* Assignment:
Keep the pictures out. Copy every line of the listing exactly.

* Exercise data:
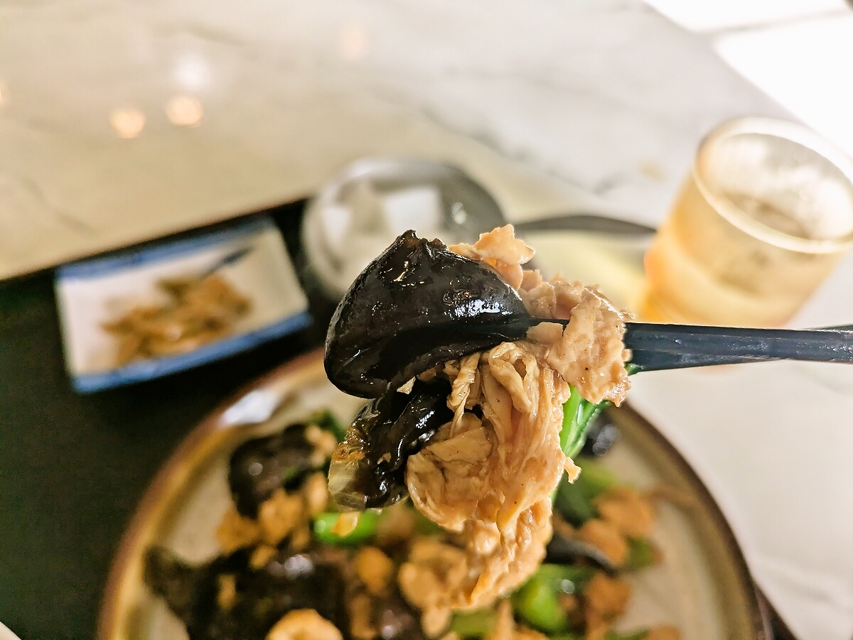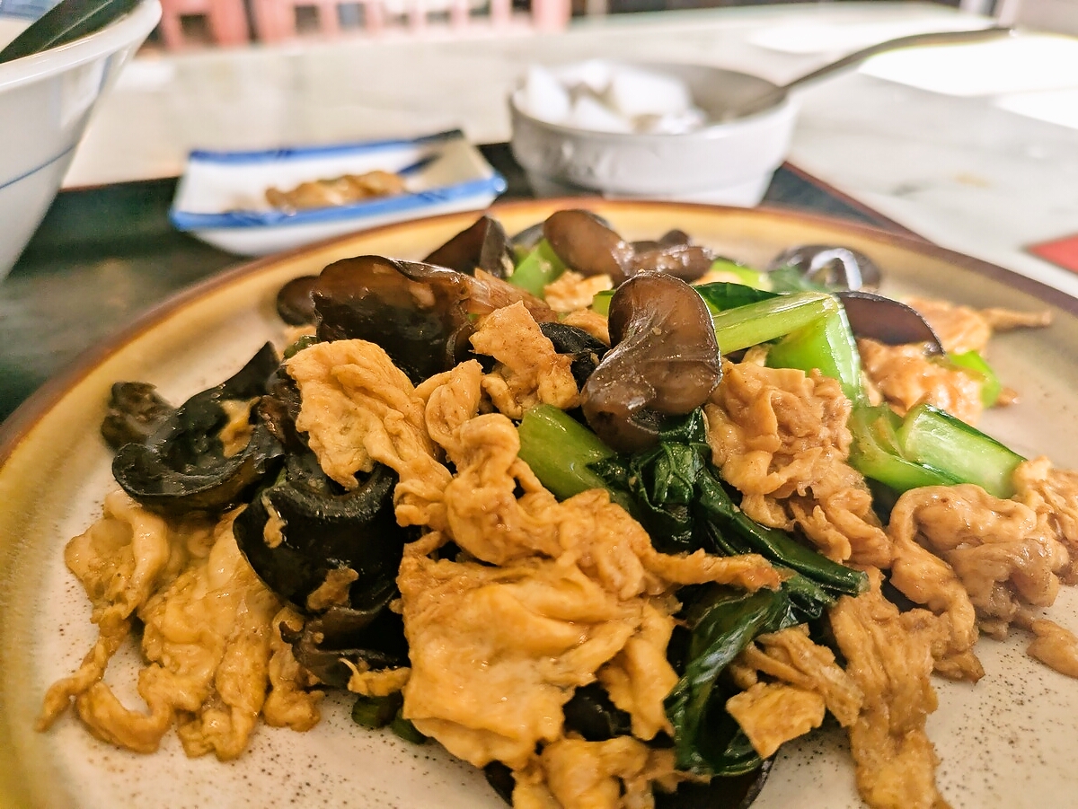 キクラゲと玉子炒めは、プリプリとしたキクラゲの独特な食感がアクセントになり、ふわふわの玉子が優しく包み込むように炒められている
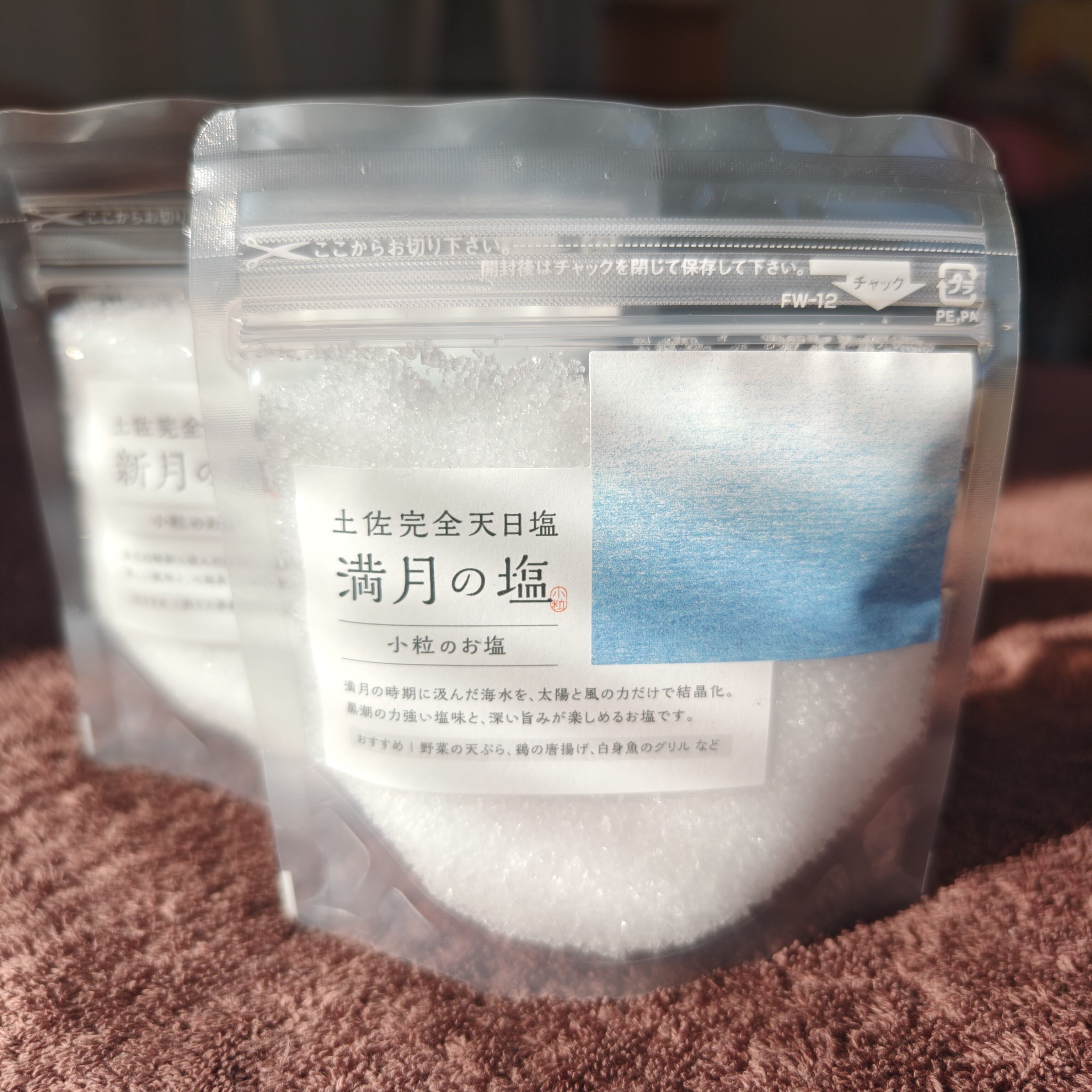 毎日の食卓に、これまでにない特別なひと匙を添えてくれるのが「土佐完全天日塩 新月の塩・満月の塩」です。このお塩は、自然の力強さを感じながら作られた、土佐地方の伝統的な製法で丁寧に製造されています。
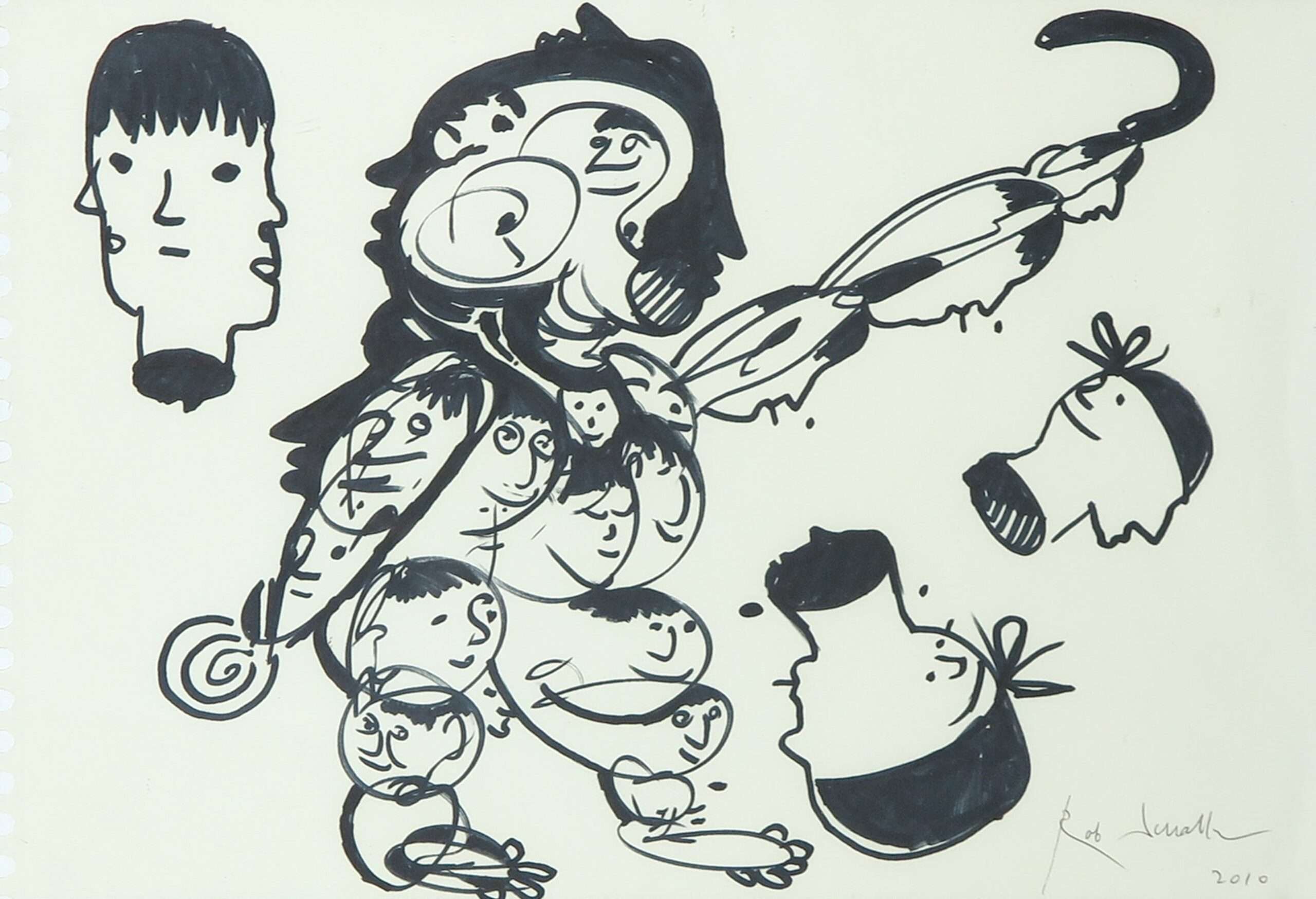 Deze stifttekening “Hoofden” van Rob Scholte is vervaardigd in 2010, in het voormalig Rob Scholte Museum te Den Helder.

* Response below:
 キクラゲと玉子炒めは、プリプリとしたキクラゲの独特な食感がアクセントになり、ふわふわの玉子が優しく包み込むように炒められている
 毎日の食卓に、これまでにない特別なひと匙を添えてくれるのが「土佐完全天日塩 新月の塩・満月の塩」です。このお塩は、自然の力強さを感じながら作られた、土佐地方の伝統的な製法で丁寧に製造されています。
 Deze stifttekening “Hoofden” van Rob Scholte is vervaardigd in 2010, in het voormalig Rob Scholte Museum te Den Helder.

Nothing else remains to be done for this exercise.